My Kazooie does not work well with paper towels - she likes to pull her nasty paper towels from under the wheel and take them into her igloo with her. I guess I should say she works with them _too_ well :roll: . I eventually gave up on using paper towels and moved to big fleece squares that I put under the wheel instead. It works great  You could maybe try this or a litter pan with Yesterday's News or a similar litter - just make sure that it is non-clumping and is perfume/dye free 
Are you sure she is actually pottying under the wheel and that it isn't just runoff?
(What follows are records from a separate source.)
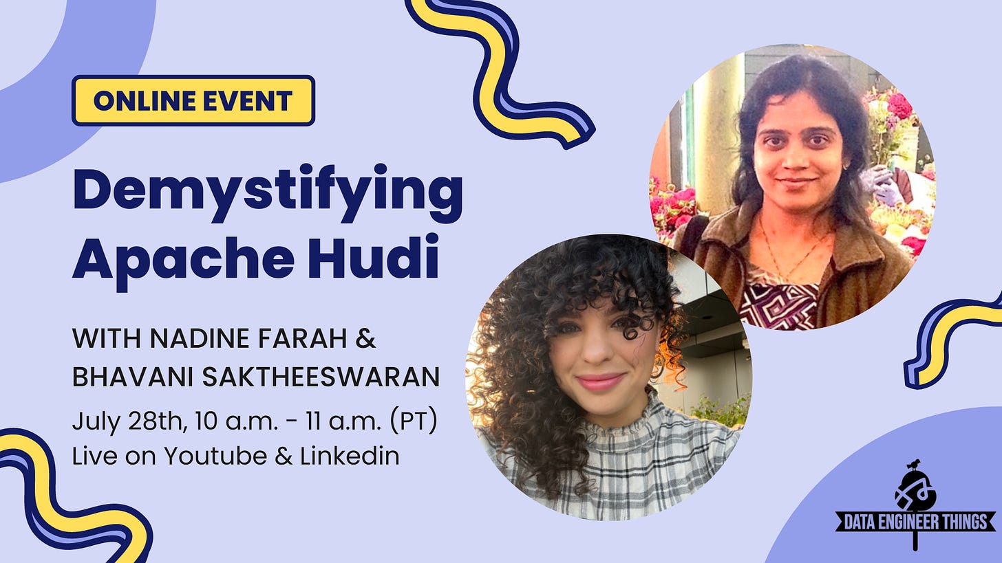 [July 28] [Online] Demystifying Apache Hudi (with Hudi PMC!): Nadine Farah and Bhavani Sudha Saktheeswaran will give us a deep dive into Apache Hudi: including core technical components & concepts, real-world use cases, and a comparison with other data lake frameworks. Sign up HERE.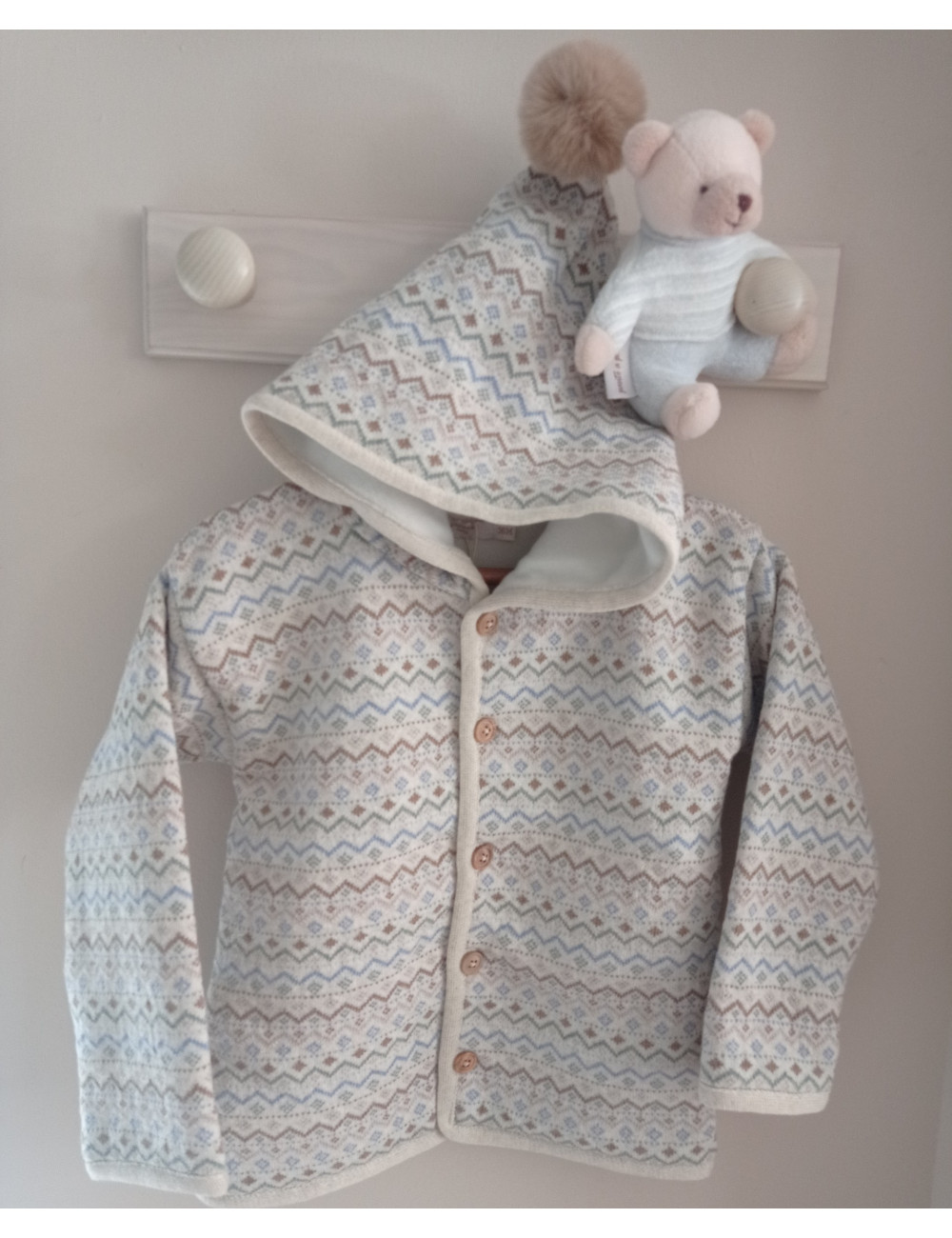 Chaqueta estampada con capucha y pompón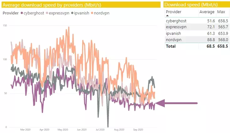 Again, it's not at the top of our list, but CyberGhost VPN's max burst speed result of 658.5 Mbit/s proves that its servers have great capacity, and show that the service competes with the very best VPNs on the market. This means you should have no issues torrenting or streaming in HD with this VPN.

Regardless, a litter box does its best work under the wheel to catch all flying poos/pees, since that is where most hedgies do their pottying anyways


----------



## Tavia06 (Apr 23, 2012)

Dont your fleece squares get really really nasty?? the paper towel is always completely soaked and dripping with pee and poo every morning and the wheel has a huge puddle and poo everywhere... how often do you wash the fleece?? I made fleece/flannette liners and I want to be eco friendly but Im going through paper towel like no bodys business! as for her flying poos, she is climbing behind the wheel as i caught her the other night, she sticks her butt on the leg of the wheel and poos on it  :? she was for a while there doing her business as she was eating and drinking.. didnt even move... just kept eating and then walked through her mess all over everything!! Im glad she hasnt continued that!Anywho I would like to try the fleece, but.... I dont have my own place and share a washer dryer and putting sopping wet poopy fleece in there everyday is not going to win me brownie points... any advice?


----------



## coribelle (Jan 20, 2012)

I change out the fleece squares up to every day. Back at my university, I don't have a washer/dryer at all so I do the hedgehog laundry by hand in the bathroom sink, which is an option. Babies also tend to potty more and potty everywhere! I've noticed that as Kazooie got older, she has limited herself a little more as to where she potties and how much.
I think the best option for your super-pooper might be a disposable aluminum baking tray filled with a good cat litter and put under the wheel. That way there is no washing and easy clean up! Plus the litter lasts a while and is not very expensive


----------



## SquiggyTheHedgie (Jul 26, 2011)

The litter thing is a good idea. You'll want to use something like Yesterdays News which are recycled paper pellets, but if you choose cat litter make sure its non clumping and odorless. Btw, may I ask what kind of wheel you have?


----------



## Tavia06 (Apr 23, 2012)

Thank you guys! I think I will try some paper pellets and a tray... I removed the litter pan last night to see what happened and just put extra paper towel down to absorb more and it seemed to work she didnt pull anything out, she did nibble a little bit on the corner but that was it... it doesn't look like she ate any just chewed it. I have a bucket wheel, the breeder I got her from usually sells a wheel with every baby, they make them their selves and its great! I think shes just a bit uncomfortable cause shes quilling, this morning there are way more quills all over the floor than there where when I went to bed. Thanks for your advice!


----------